The infrastructure development datasets were comprised of data collected from the United States and regional databases. Among the supplied datasets, the USAID database was selected for the study of infrastructure development, because most of the relationships among the tables were predefined and indexes were presented. This dataset contained project identification, estimated start and end dates, estimated project budget, activity start and end dates, activity budget sector type, sector activity detail, and location information for each project. Although the USAID database was well organized, some data points were missing important content, such as project start and end dates, project budget, activity detail budget, and location information. To overcome these limitations, estimated project start and end dates and estimated project budgets (for projects with identical IDs) were utilized.
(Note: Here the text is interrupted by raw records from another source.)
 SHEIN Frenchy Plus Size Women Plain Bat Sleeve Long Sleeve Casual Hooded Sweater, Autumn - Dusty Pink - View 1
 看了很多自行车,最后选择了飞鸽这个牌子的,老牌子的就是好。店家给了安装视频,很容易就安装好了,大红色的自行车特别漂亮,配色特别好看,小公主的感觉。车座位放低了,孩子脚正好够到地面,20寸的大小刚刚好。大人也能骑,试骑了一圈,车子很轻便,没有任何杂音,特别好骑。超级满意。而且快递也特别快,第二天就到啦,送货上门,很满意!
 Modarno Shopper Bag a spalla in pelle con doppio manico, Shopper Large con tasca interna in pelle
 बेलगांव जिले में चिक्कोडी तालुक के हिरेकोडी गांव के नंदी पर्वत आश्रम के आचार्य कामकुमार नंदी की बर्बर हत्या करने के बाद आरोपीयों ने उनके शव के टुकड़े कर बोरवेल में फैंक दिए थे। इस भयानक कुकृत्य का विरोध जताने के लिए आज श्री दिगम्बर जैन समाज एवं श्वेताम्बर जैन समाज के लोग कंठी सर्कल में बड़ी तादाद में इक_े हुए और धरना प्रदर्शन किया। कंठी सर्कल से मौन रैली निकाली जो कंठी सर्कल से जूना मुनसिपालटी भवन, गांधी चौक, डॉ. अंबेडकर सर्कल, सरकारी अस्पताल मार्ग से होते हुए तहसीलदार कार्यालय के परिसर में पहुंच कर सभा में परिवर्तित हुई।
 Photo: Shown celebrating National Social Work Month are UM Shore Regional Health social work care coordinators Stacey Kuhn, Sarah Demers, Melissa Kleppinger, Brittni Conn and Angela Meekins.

Datasets in both categories contained time and geographical location. The structure of the data and the GIS shape files enabled us to collate different layers of data within a spatial database, which allowed us to obtain information regarding neighboring districts for utilization in the CA model.
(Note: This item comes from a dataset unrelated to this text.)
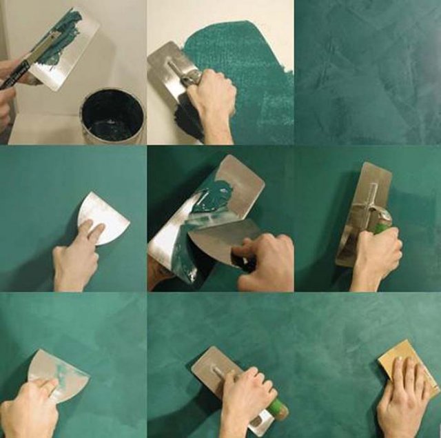 They are applied on the base of the trowel in small portions, alternating between themselves or in a chaotic manner. Thus it is necessary to smooth them among themselves. This should be done quickly. You can use a special trowel for Venetian plaster. To obtain a gloss effect, light polishing is necessary. At this stage, finishing work is useful varnish or wax.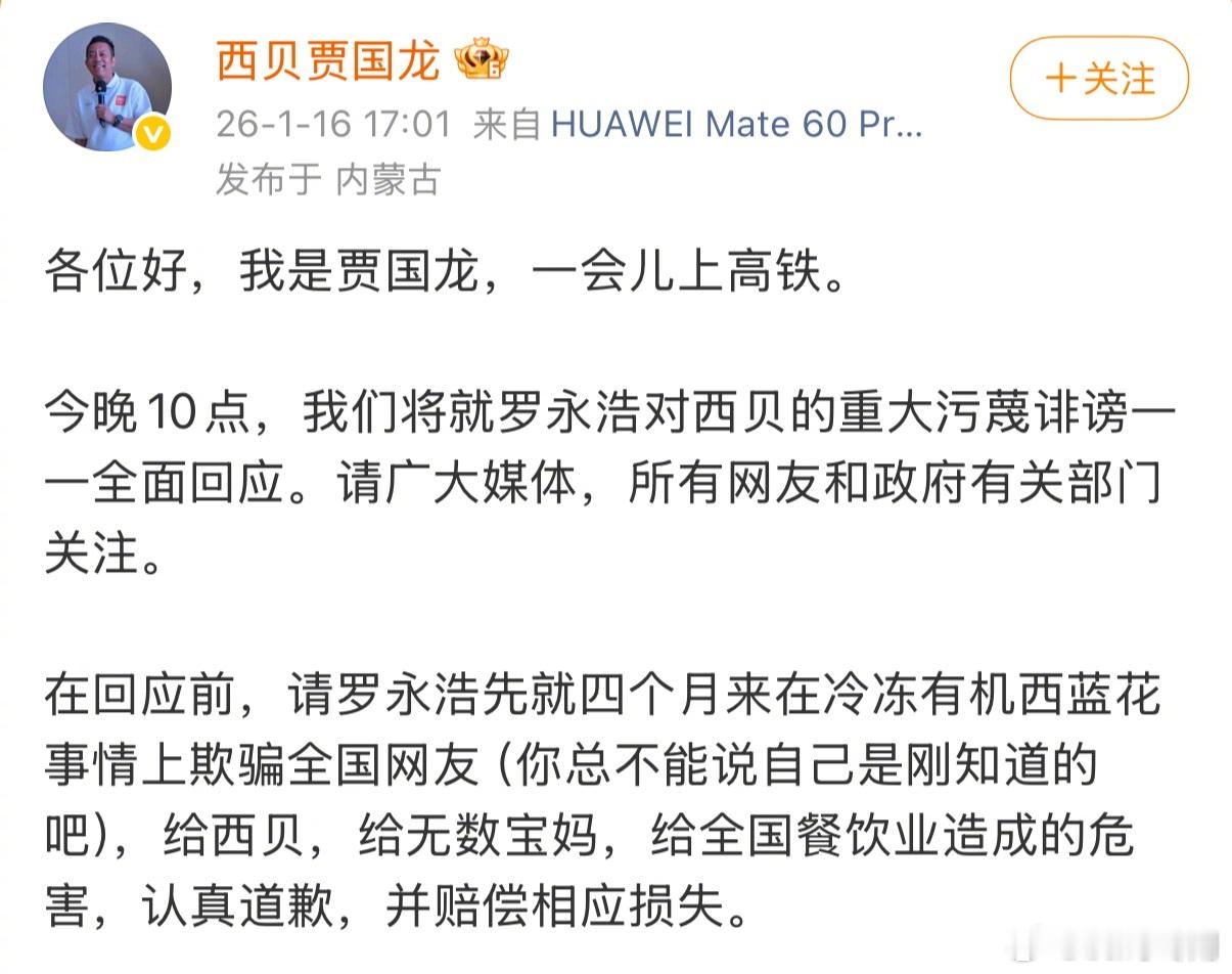 哇!贾国龙说,今晚十点全面回应罗永浩对西贝的重大污蔑

Figure 3 illustrates the spatial database populated for use in this study. The database grouped infrastructure development projects and adverse events in a monthly fashion. Infrastructure development project data branched into 14 sectors, and each sector branched into 6 activities, totaling 84 variables for a single period for a certain district. As such, a project on “education” could be conducted in more than one district within different activity types, such as “construction” and “advisory service.” We also added population data to the database to study the effects of regional demographics.
3.3. Neighborhood Definition
The common social science applications of CA use a rectangular grid, such as Moore or von Neumann neighborhoods, as the underlying network structure [
38]. Such applications have regular grid structures in which every cell has the same number of neighbors. Unfortunately, Afghanistan’s 400 districts, with numerous neighbors, preclude the use of a regular grid structure [
39]. To overcome this limitation, we generated an irregular CA neighborhood by using the ArcGIS geostatistical analyses tool.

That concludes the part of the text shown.